Album Notes
17 tracks recorded at a Hollywood Studio party! The famous originals Sin City, Wheels, and Bon Soir Blues in live versions; and great versions of classic country tunes like She Thinks I Still Care, White Line Fever, Dim lights, Thick Smoke, and Faded Love. There’s even a Chuck Berry medley. Hear your favorite country rockers rock!
“When I joined then A&M licensee BMG/Ariola Records way back in early 1971 I felt that a much better job could be done establishing my favorite Burritos as the most exciting band around. I convinced the label management to do a cheap sampler, picked the tracks and came up with the idea for the poster cover. The original quote from the printers was a mistake, in hindsight the cover was so expensive that the deep-red “Hot Burrito” album should never have seen the light of day! It went gold and the Holland became the FBB’s second homeland. It’s funny that a generation later I got another Red album coming my way, this time with Corazong Records.” – Evert Wilbrink, 2003
Artist's Bio
The 'Red Hot' Burrito Brothers - Mendocino, 1974-76.

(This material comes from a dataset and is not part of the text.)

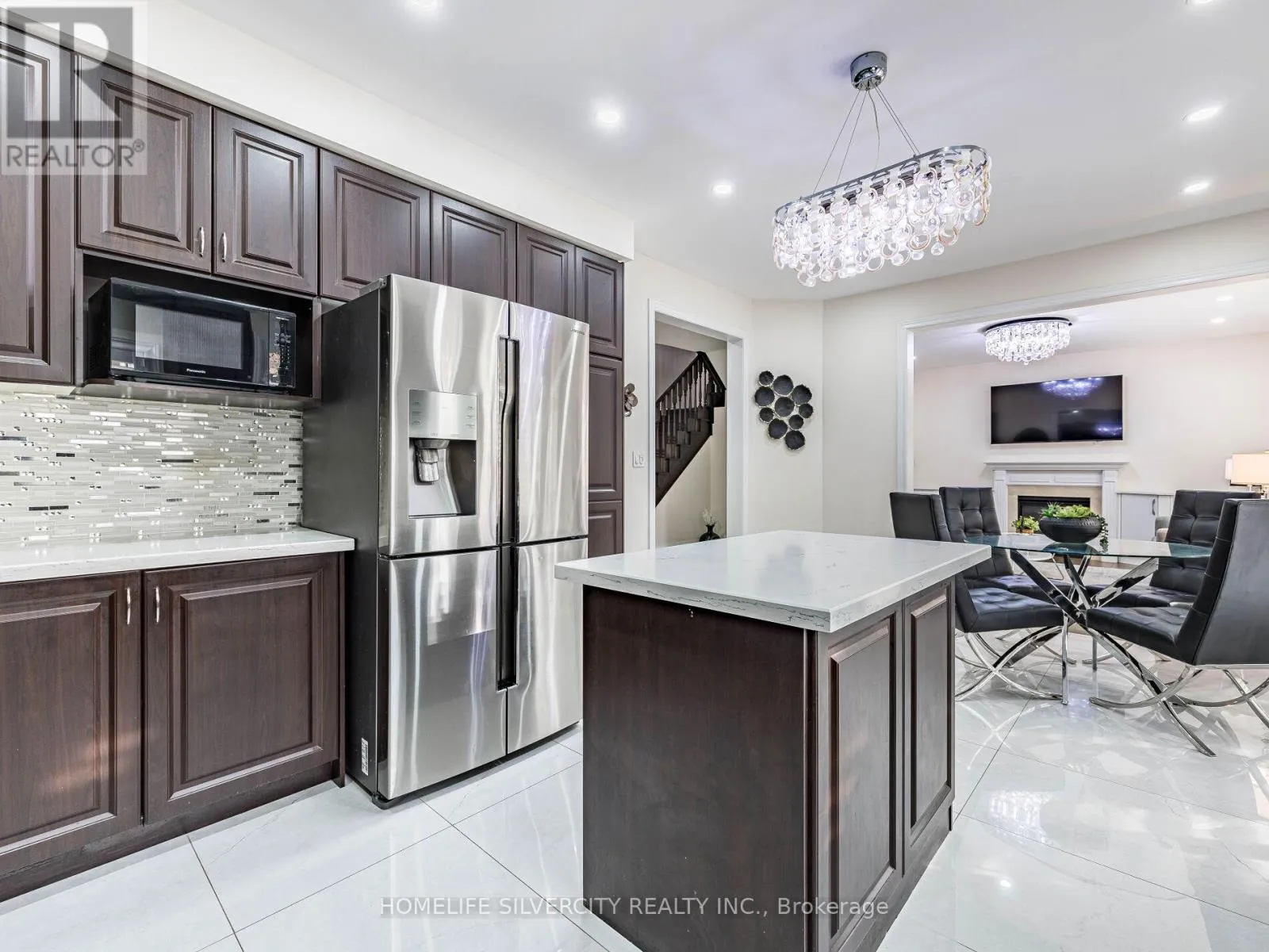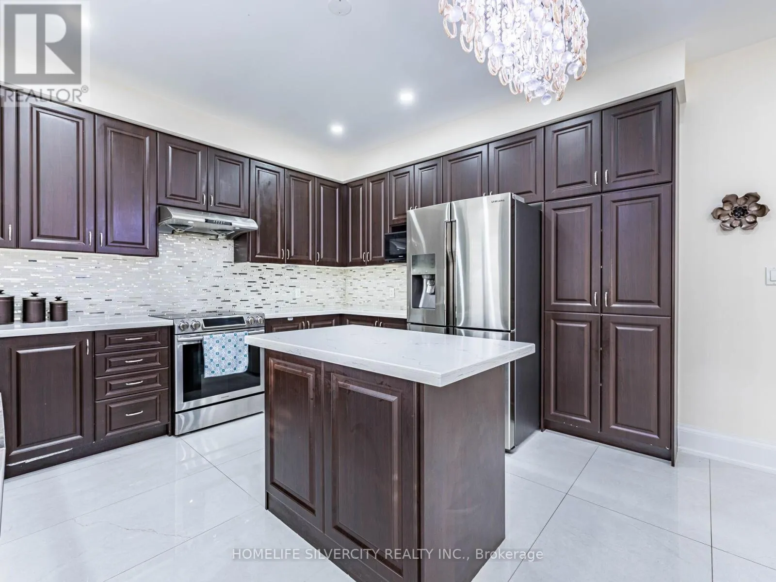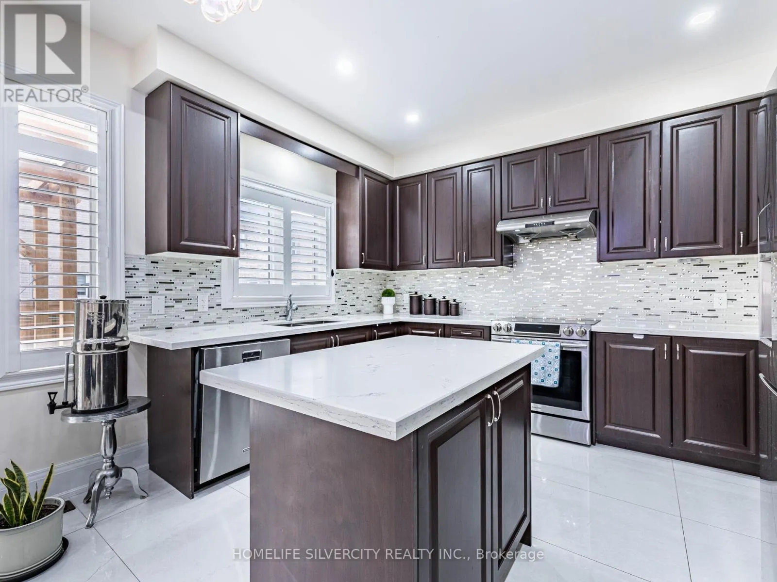 Countryside Rd & McVean Dr Welcome to this stunning and spacious 5-bedroom home located in a prestigious, family-friendly neighborhood. Featuring a grand double-door entry, this home showcases elegant 2x4 tiles in the kitchen, powder room, and entry hallway. Gleaming hardwood flooring extends throughout the main living areas, adding warmth and sophistication. The main floor includes a dedicated study with custom office cabinetry, perfect for working from home, along with built-in storage cabinets for added convenience. The chef's kitchen offers a highly functional layout and flows seamlessly into the cozy family room, which opens to the backyard. Here, you'll find a beautiful pergola on a concrete patio-ideal for relaxing or entertaining. The fully finished legal basement features a separate entrance, providing excellent income potential. Additional upgrades include pot lights and newly poured concrete leading to the basement entrance. The primary bedroom offers access to a private Ensuite bathroom, ensuring comfort and privacy. Located directly across from a kids' park and close to schools and major highways, this home is perfectly situated for families. (id:27476)

The Flying Burrito Brothers helped forge the connection between rock and country, and with their 1969 debut album, The Gilded Palace of Sin, they virtually invented the blueprint for country-rock. The name of the Burrito Brothers is, as Chris Ethridge did put it, "synonymous with the origins of country rock", and like another such band there at the beginning, the Byrds, they have a history that twists incestuously in and out of the Los Angeles country band and studio scene.
The first Burritos band was founded by Chris Hillman and Gram Parsons, both of whom broke away from the Byrds. Their band included Ethridge and Pete Kleinow, plus John Corneal. Hillman went on to greater fame with Steve Stills' Manassas and with the Souther-Hillman-Furay Band. Over the course of the years the band went through various personnel changes and included at times Bernie Leadon, now with the Eagles; Rick Roberts, who left to play with Steve Stills; and Al Perkins and Byron Berline, who travelled with a lattter-day assemblage of the band, and later as Country Gazette, to Europe.
The Burritos' name was in limbo for a couple of years but was resurrected in '74 by two of the original members, Chris Ethridge (bass) and 'Sneaky' Pete (pedal steel) along with ex-Byrd Gene Parsons (drums), Joel Scott Hill (guitar and vocals) and Gib Guilbeau (fiddle).